• Your objective
Repeat the entries below word for word, though any picture in them should be dropped.

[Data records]
========================================

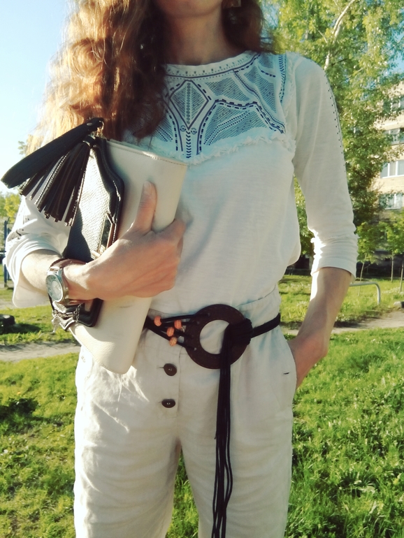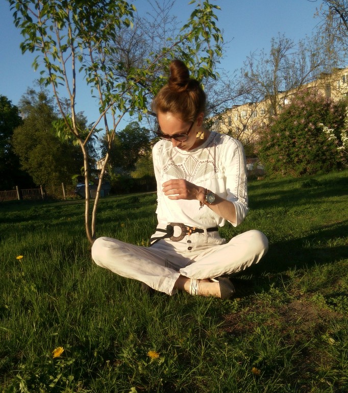 На прогулкеВесна для меня отдушина в плане гардероба. Поскольку я мерзляк, то всю зиму ношу практически один свитер и штаны, чтобы было тепло. Надоедает до чертиков. Весной же и летом могу переодеваться по несколько раз в день)) Данный пост можно назвать "одна неделя из жизни неработающей мамы"))
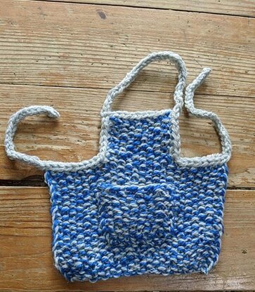 Just in time for baking season, to dress up any of your dolls or toys while they are helping in the kitchen. This apron fits dolls from 9" and up. The apron will also fit smaller size dolls as well. The Apron is 5" (13 cm) wide and 5.5" (14 cm) tall. Suggested yarn: Worsted weight: You will need less than 50 yards /46 meters of MC and 15 yards / 14 meters of CC. The Apron is knit flat, with I-cord edge and string. The pocket is knit separately and sewn on. Pictured are two knitted toys wearing the apron: Frances and Baba Yaga. Knitting pattern for Frances is available to purchase and the knitting pattern for Baba Yaga will be available in December 2020
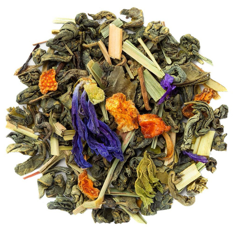 Una composizione energica! Il nostro tè verde bio energizzante è costituito da una base di quattro tè: il tè verde Gunpowder, il tè matcha, il tè bianco Mao Feng e il tè nero Pi Lo Chun Longkou. Ha un gusto di limone e albicocca e contiene ingredienti rari e ricercati come il matcha, il mate, il guaranà o ancora la spirulina. Il tè verde energizzante saprà rafforzarvi a tutti i livelli, è ricco di antiossidanti, migliora la vostra vitalità e stimola il vostro sistema digestivo. È il tè verde ideale per potenziare le vostre performance.
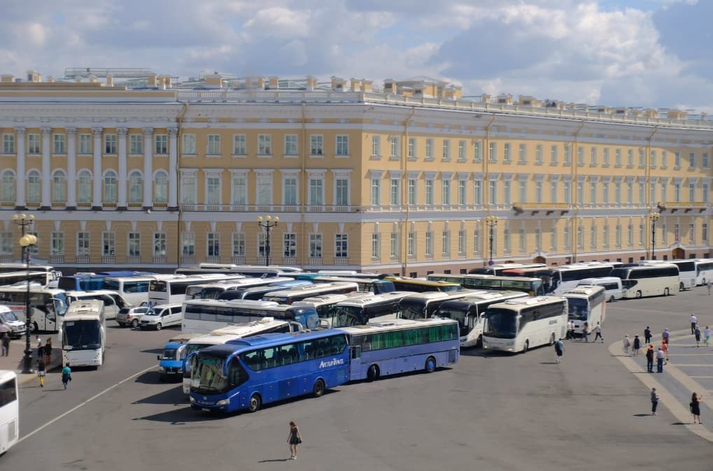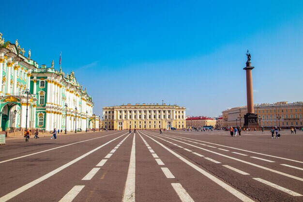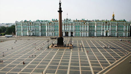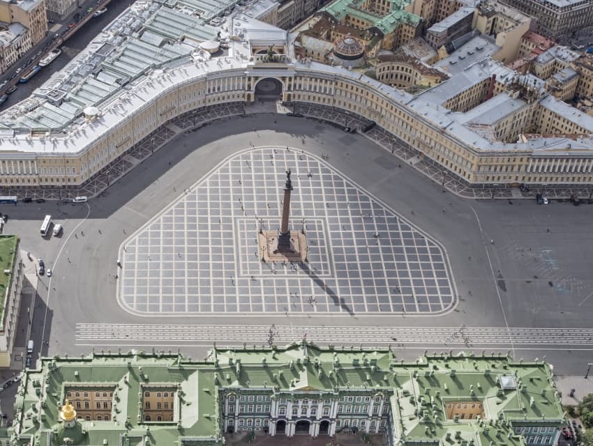 Hoy he visto esta foto de la plaza frente al Palacio de Invierno, el Hermitage, en San Petersburgo, y me he acordado de Sol por el tema de las farolas. El contraste es llamativo.
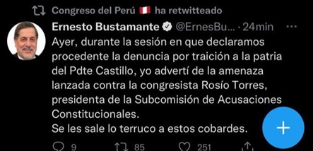 Los congresistas de Fuerza Popular Ernesto Bustamente y Alejandro Aguinaga afirmaron textualmente que lo ocurrido con la madre de Rosio Torres tenía que ver directamente con la denuncia constitucional aprobada contra el presidente. «Ayer (lunes), durante la sesión en que declaramos procedente la denuncia por traición a la patria del Pdte Castillo, yo advertí de la amenaza lanzada contra la congresista Rosío Torres, presidenta de la Subcomisión de Acusaciones Constitucionales. Se les sale lo terruco a estos cobardes», afirmó Bustamente.
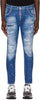 Slim-fit stretch cotton-blend denim jeans. Fading, whiskering, distressing, and paint splatter effect throughout.

========================================

• Task result
 На прогулкеВесна для меня отдушина в плане гардероба. Поскольку я мерзляк, то всю зиму ношу практически один свитер и штаны, чтобы было тепло. Надоедает до чертиков. Весной же и летом могу переодеваться по несколько раз в день)) Данный пост можно назвать "одна неделя из жизни неработающей мамы"))
 Just in time for baking season, to dress up any of your dolls or toys while they are helping in the kitchen. This apron fits dolls from 9" and up. The apron will also fit smaller size dolls as well. The Apron is 5" (13 cm) wide and 5.5" (14 cm) tall. Suggested yarn: Worsted weight: You will need less than 50 yards /46 meters of MC and 15 yards / 14 meters of CC. The Apron is knit flat, with I-cord edge and string. The pocket is knit separately and sewn on. Pictured are two knitted toys wearing the apron: Frances and Baba Yaga. Knitting pattern for Frances is available to purchase and the knitting pattern for Baba Yaga will be available in December 2020
 Una composizione energica! Il nostro tè verde bio energizzante è costituito da una base di quattro tè: il tè verde Gunpowder, il tè matcha, il tè bianco Mao Feng e il tè nero Pi Lo Chun Longkou. Ha un gusto di limone e albicocca e contiene ingredienti rari e ricercati come il matcha, il mate, il guaranà o ancora la spirulina. Il tè verde energizzante saprà rafforzarvi a tutti i livelli, è ricco di antiossidanti, migliora la vostra vitalità e stimola il vostro sistema digestivo. È il tè verde ideale per potenziare le vostre performance.
 Hoy he visto esta foto de la plaza frente al Palacio de Invierno, el Hermitage, en San Petersburgo, y me he acordado de Sol por el tema de las farolas. El contraste es llamativo.
 Los congresistas de Fuerza Popular Ernesto Bustamente y Alejandro Aguinaga afirmaron textualmente que lo ocurrido con la madre de Rosio Torres tenía que ver directamente con la denuncia constitucional aprobada contra el presidente. «Ayer (lunes), durante la sesión en que declaramos procedente la denuncia por traición a la patria del Pdte Castillo, yo advertí de la amenaza lanzada contra la congresista Rosío Torres, presidenta de la Subcomisión de Acusaciones Constitucionales. Se les sale lo terruco a estos cobardes», afirmó Bustamente.
 Slim-fit stretch cotton-blend denim jeans. Fading, whiskering, distressing, and paint splatter effect throughout.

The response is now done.